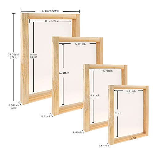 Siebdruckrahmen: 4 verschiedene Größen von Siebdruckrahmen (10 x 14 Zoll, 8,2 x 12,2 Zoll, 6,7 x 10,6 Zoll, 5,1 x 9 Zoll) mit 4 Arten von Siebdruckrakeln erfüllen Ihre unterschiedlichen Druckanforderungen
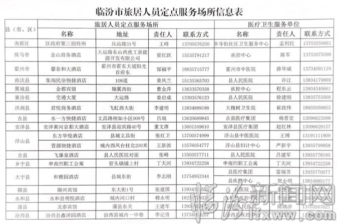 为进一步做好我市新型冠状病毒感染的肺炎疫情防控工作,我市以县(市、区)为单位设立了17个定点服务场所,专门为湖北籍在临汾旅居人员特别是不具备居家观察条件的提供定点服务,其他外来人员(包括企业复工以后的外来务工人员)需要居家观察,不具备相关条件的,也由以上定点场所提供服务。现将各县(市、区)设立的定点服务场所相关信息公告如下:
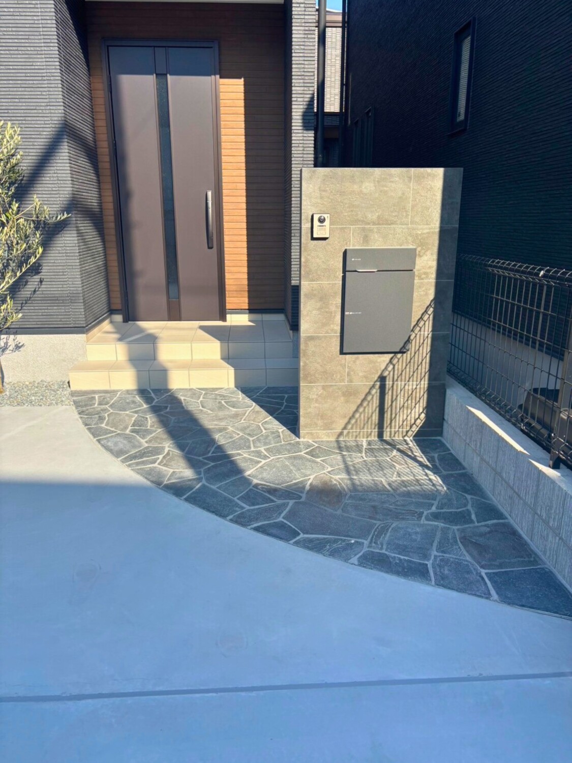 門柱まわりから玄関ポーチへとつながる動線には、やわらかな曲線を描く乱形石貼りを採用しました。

● ● ●

EXERCISE BRIEF: None of the pictures belong in the copy; repeat all other material exactly.

RESULT FOR THIS EXERCISE:
 Siebdruckrahmen: 4 verschiedene Größen von Siebdruckrahmen (10 x 14 Zoll, 8,2 x 12,2 Zoll, 6,7 x 10,6 Zoll, 5,1 x 9 Zoll) mit 4 Arten von Siebdruckrakeln erfüllen Ihre unterschiedlichen Druckanforderungen
 为进一步做好我市新型冠状病毒感染的肺炎疫情防控工作,我市以县(市、区)为单位设立了17个定点服务场所,专门为湖北籍在临汾旅居人员特别是不具备居家观察条件的提供定点服务,其他外来人员(包括企业复工以后的外来务工人员)需要居家观察,不具备相关条件的,也由以上定点场所提供服务。现将各县(市、区)设立的定点服务场所相关信息公告如下:
 門柱まわりから玄関ポーチへとつながる動線には、やわらかな曲線を描く乱形石貼りを採用しました。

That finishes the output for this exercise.